Patients with T2DM had higher plasma L-arginine concentration (median = 9.74, inter-quartile range = 5.33–16.61 vs. median = 4.47, inter-quartile range = 3.07–6.70); L-arginine concentration was positively associated with T2DM (odds ratio = 1.20, 1.17–1.23) [32]. A 10-year follow-up study also indicated that high levels of L-arginine significantly increased risk of T2DM by 21% (hazard ratio = 1.21, 95% CI = 1.07–1.37) [33]. A meta-analysis demonstrated that plasma L-arginine concentration is positively related to elevated risk of T2DM (pooled estimated relative risk = 1.19, 95% CI = 1.14–1.25) [34].

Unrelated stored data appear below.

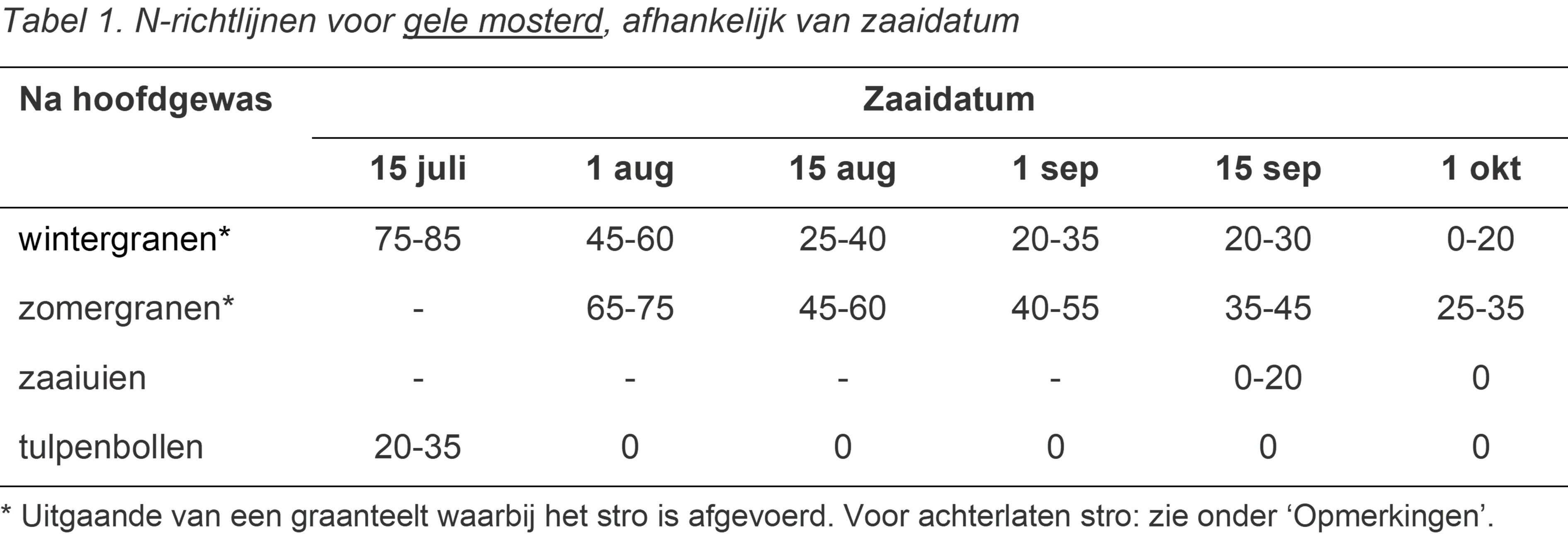 Er is voor gele mosterd over het algemeen geen N-gift nodig na koolzaad, pootaardappel, vroege consumptieaardappel, 2e-jaars plantuien, doperwt, stamslaboon, bruine boon, zomerveldboon, droge erwt, spinazie, ijssla.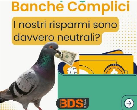 BDS Italia annuncia il lancio della campagna nazionale Banche Complici, inizialmente rivolta a UniCredit, Intesa San Paolo, BNL-BNP Paribas – tra le istituzioni finanziarie italiane più coinvolte, causa operazioni non etiche, in operazioni di supporto nella colonizzazione illegale e nell’apartheid in Palestina, nello sfollamento e genocidio di Israele ora estesi alla Cisgiordania.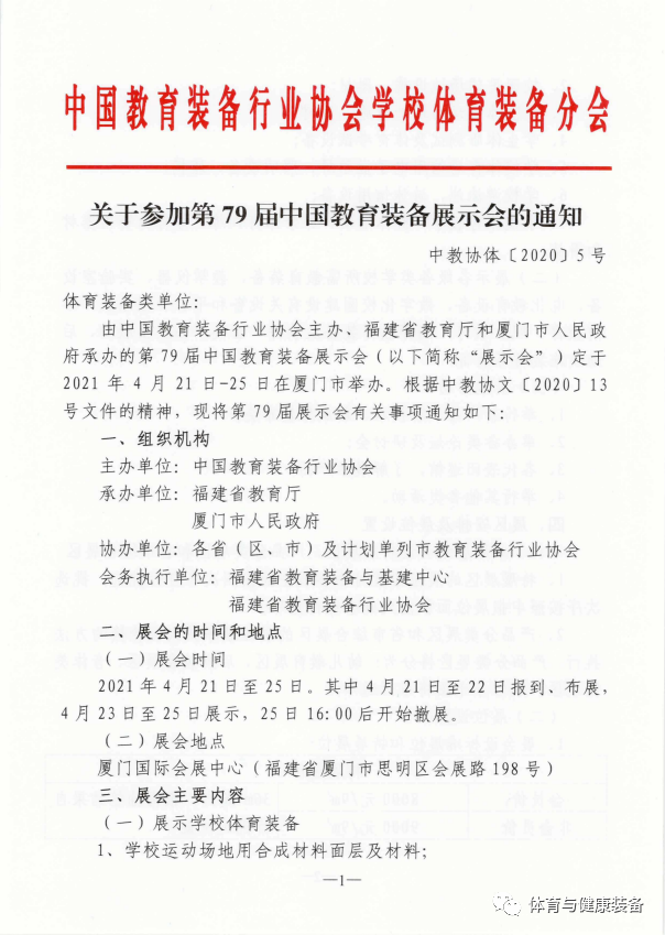 中國教育裝備行業協會學校體育裝備分會關于參加第79屆中國教育裝備展示會的通知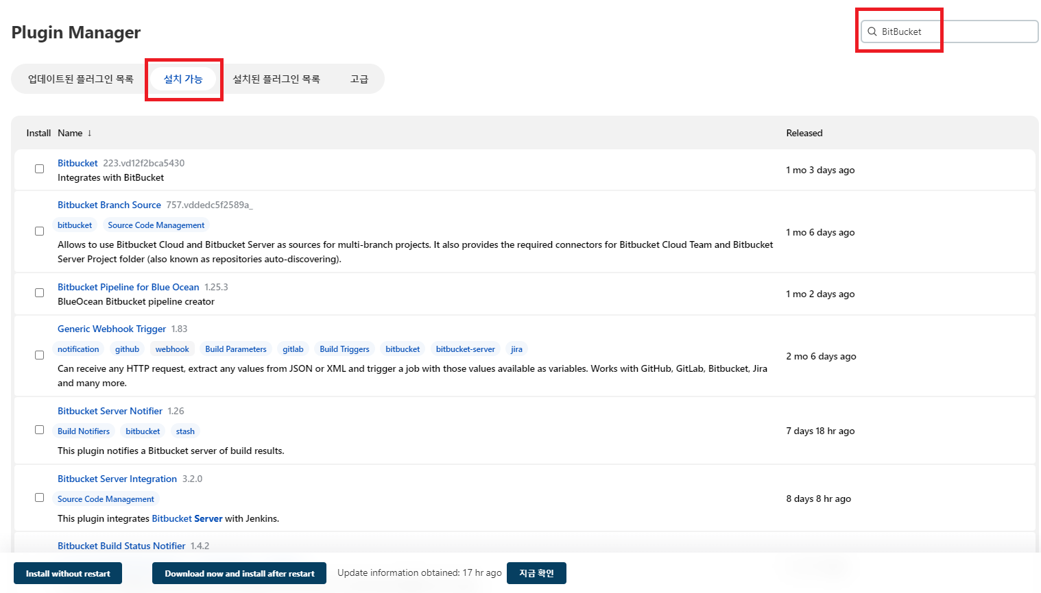 [설치 가능] 탭을 선택하고, 우측 상단 필터에서 Bitbucket을 검색합니다.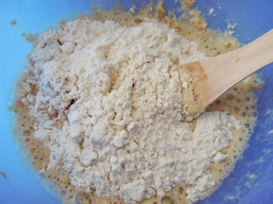 Añadimos las harinas tamizadas junto con la sal y removemos la mezcla hasta que nos quede de una textura elástica. No taréis que ya huele la mezcla a cerveza.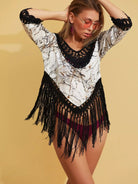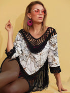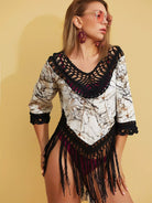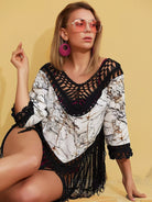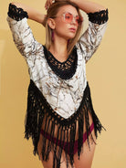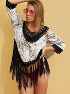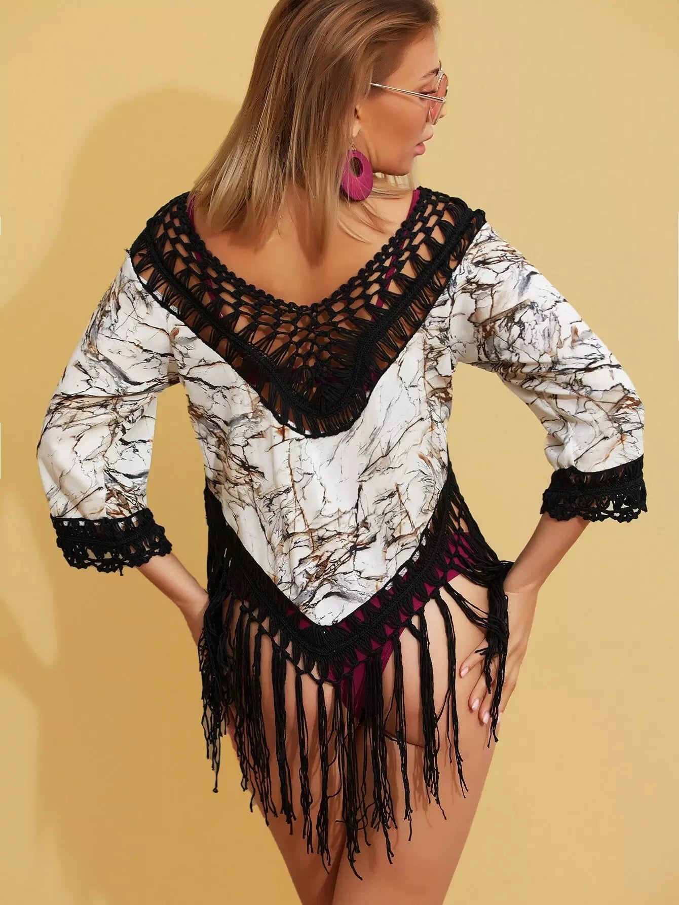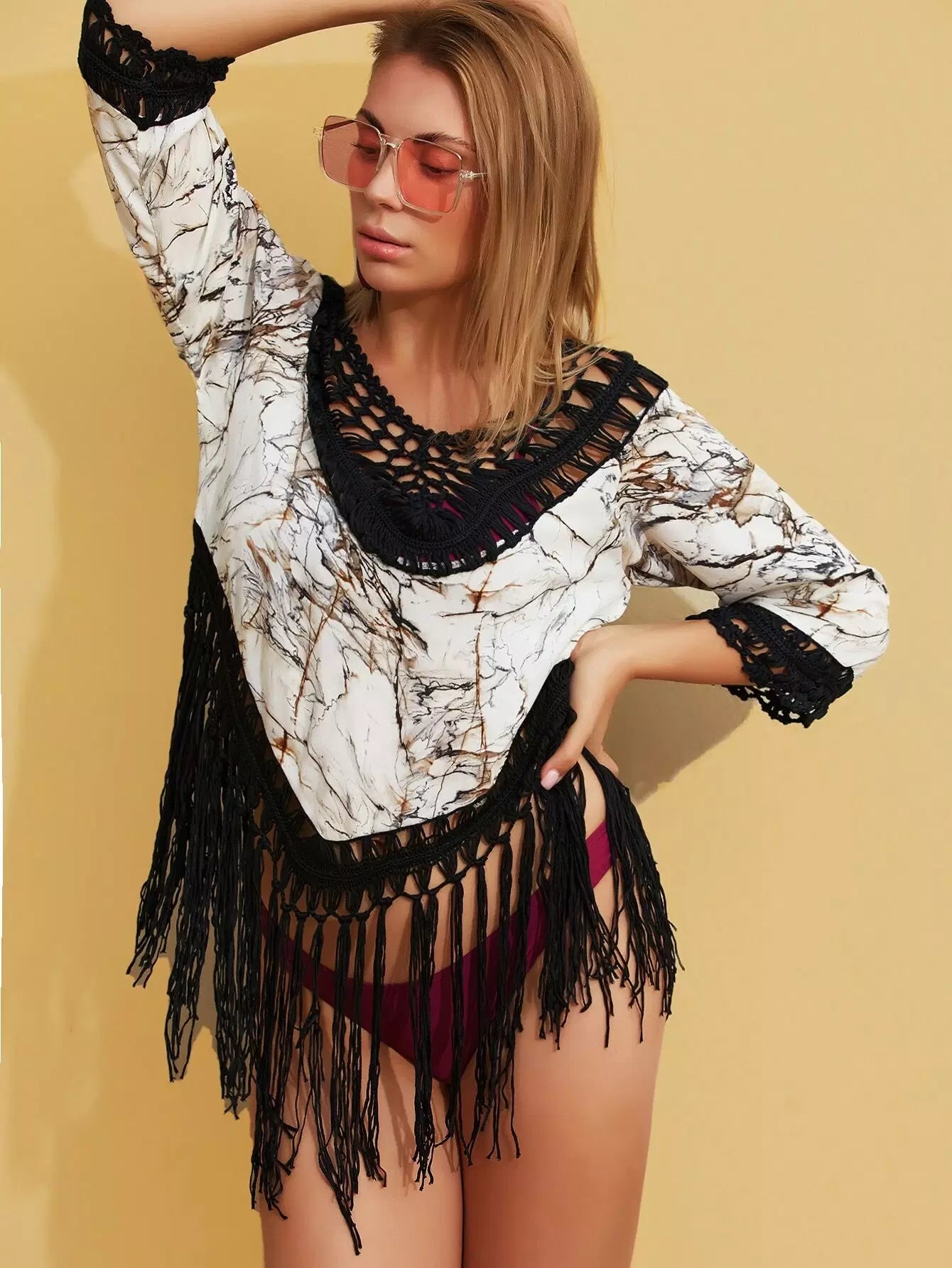 غطاء بحاشية مكرمية غير متماثلة بطبعة رخامية بدون بيكيني

The biological plausible mechanisms linking L-arginine intake to risk of T2DM are not well documented. One possible explanation may be related to induction of arginase activity by long-term high intakes of L-arginine [2, 17], that has been suggested may contribute to the development of T2DM and insulin resistance [35]. The elevated levels of L-arginine is suggested to increase urea synthesis, because L-arginine induces N-acetylglutamate synthase which further activates carbamoyl phosphate synthetase-I (CPS-I) to start urea cycle [32]. L-arginine may also decrease cellular uptake of citrulline [36], interrupt recycling of L-arginine form citrulline [17], and suppress endothelial NO synthase (eNOS) expression and activity [37], resulting decreased eNOS-derived NO and development of insulin resistance. On the other hand, high-L-arginine intakes is suggested to be related with pathologic levels of NO metabolites [38,39,40], possibly produced by inducible NO synthase (iNOS); higher intakes of L-arginine were associated with higher serum NO metabolites [18, 20], an independent risk factor of cardio-metabolic diseases [38, 40, 41].

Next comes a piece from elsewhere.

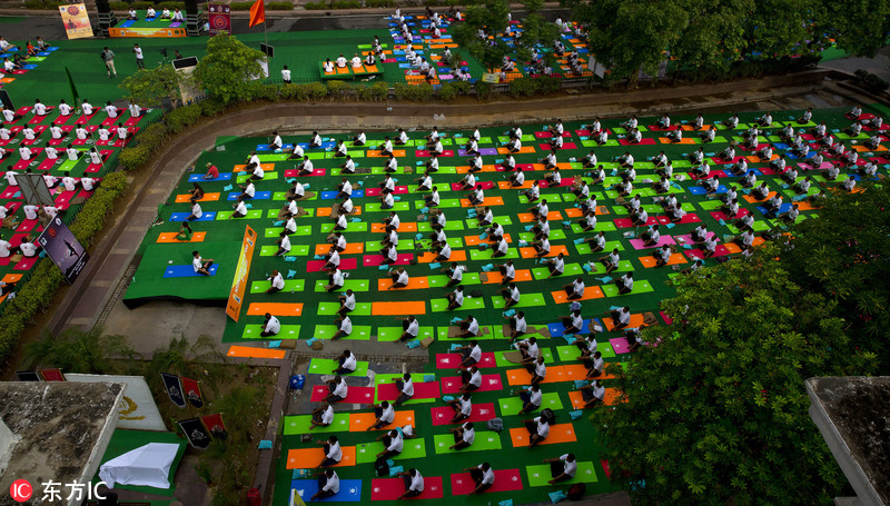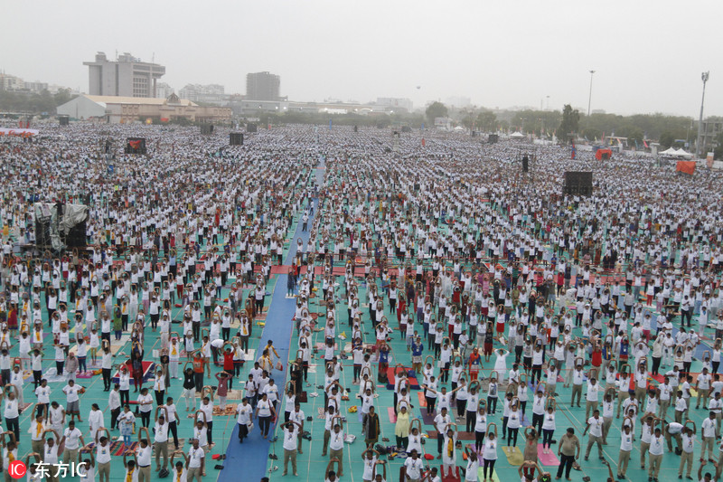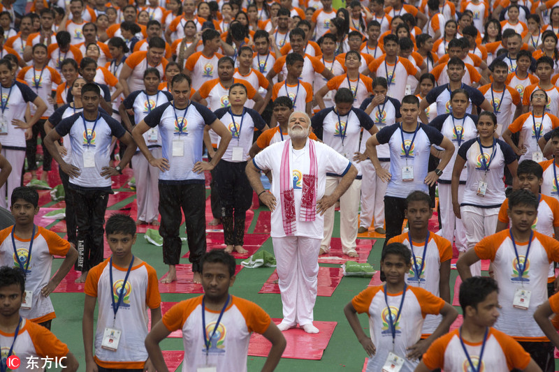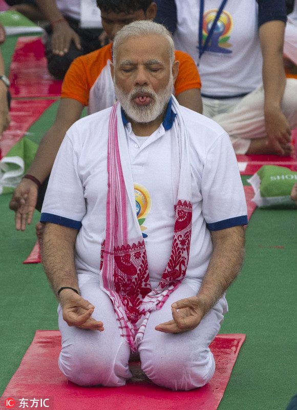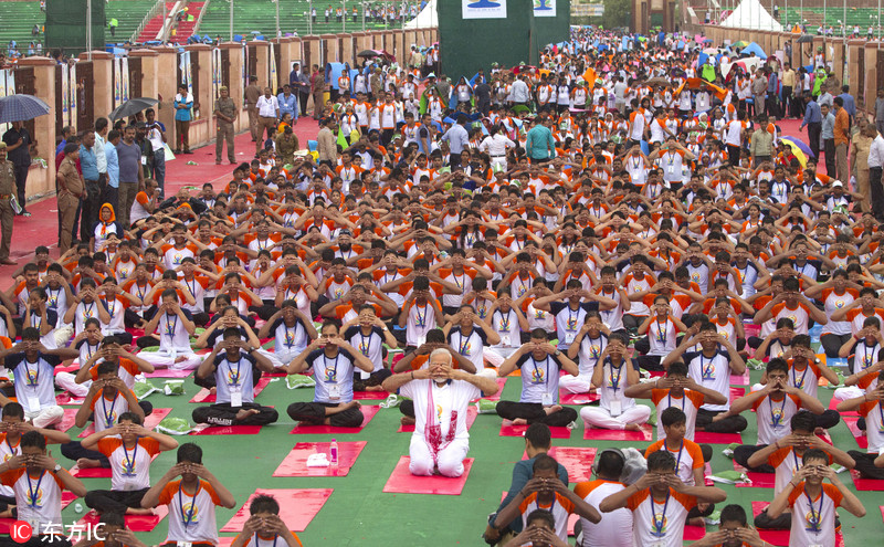 世界瑜伽日 印度總理莫迪率萬(wàn)人秀瑜伽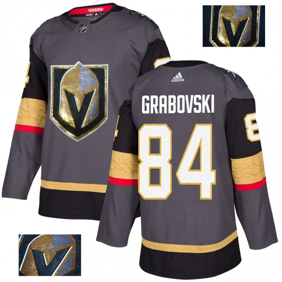 >Men's Adidas Vegas Golden Knights #84 Mikhail Grabovski Authentic Gray Fashion Gold NHL Jersey

Further prospective studies are needed to more fully determine the possible underlying mechanisms by which high intakes of L-arginine increased risk of T2DM.

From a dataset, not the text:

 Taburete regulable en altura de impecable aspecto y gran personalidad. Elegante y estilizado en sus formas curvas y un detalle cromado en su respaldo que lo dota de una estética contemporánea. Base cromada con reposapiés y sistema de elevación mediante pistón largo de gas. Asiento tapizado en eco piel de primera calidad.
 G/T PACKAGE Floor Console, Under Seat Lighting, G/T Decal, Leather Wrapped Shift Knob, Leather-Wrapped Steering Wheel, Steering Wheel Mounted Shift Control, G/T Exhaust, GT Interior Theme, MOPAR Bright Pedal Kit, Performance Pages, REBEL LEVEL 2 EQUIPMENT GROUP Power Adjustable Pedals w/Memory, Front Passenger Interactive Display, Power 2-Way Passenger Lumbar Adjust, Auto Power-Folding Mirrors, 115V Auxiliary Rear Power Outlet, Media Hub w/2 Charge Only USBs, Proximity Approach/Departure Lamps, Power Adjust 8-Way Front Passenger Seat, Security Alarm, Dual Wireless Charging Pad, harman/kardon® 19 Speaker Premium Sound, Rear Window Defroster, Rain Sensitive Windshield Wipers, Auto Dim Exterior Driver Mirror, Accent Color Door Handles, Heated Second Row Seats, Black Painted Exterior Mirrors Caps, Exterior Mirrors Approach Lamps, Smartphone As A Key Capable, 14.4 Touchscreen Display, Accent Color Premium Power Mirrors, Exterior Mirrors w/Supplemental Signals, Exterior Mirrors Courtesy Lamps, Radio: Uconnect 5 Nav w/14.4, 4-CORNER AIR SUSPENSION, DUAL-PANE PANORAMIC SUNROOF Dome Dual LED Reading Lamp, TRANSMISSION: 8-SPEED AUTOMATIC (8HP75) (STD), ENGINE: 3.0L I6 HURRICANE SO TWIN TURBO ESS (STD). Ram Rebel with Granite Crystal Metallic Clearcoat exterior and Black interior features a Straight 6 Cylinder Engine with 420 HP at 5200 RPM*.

The population-based prospective setting of the current study, and use of a validated FFQ to assess regular dietary intake are the main strength points of the study. Due to low number of outcomes (n = 143), we used the DRS in multivariate models, which allowed us to not adding many variables that would lead to instability of our models, and accounts for major T2DM confounders . However it had some limitations. First, we had not data on serum levels of L-arginine to consider in our analysis; however, an acceptable correlation was observed between dietary L-arginine intakes and serum L-arginine. Some inherent limitation points of observational studies including potential selection bias, information bias in measuring L-arginine intakes as study exposure, and non-differential misclassification of the exposure also should be considered. Furthermore, there are other potential confounding variables, including some dietary factors, which could affect the association of L-arginine and T2DM and were not included in our adjusted models; since L-arginine is derived from different food sources, other dietary factors occurring in the same foods could also have affected the findings. Other potential limitation of the present study is the possible changes of dietary patterns during the follow-up period, since we assessed the dietary information only at baseline examinations; however previous observations in our population indicates an acceptable stability of major dietary patterns over the time.

Conclusion

Our findings from this prospective study indicated that higher amount of dietary L-arginine may be potential risk factor for development of T2DM. Considering the increasing interest to ingestion of L-arginine as a popular dietary supplement, and also the limited data in case of the potential association between dietary L-arginine and cardio-metabolic outcomes especially T2DM, further cohort studies are required to clarify the possible association.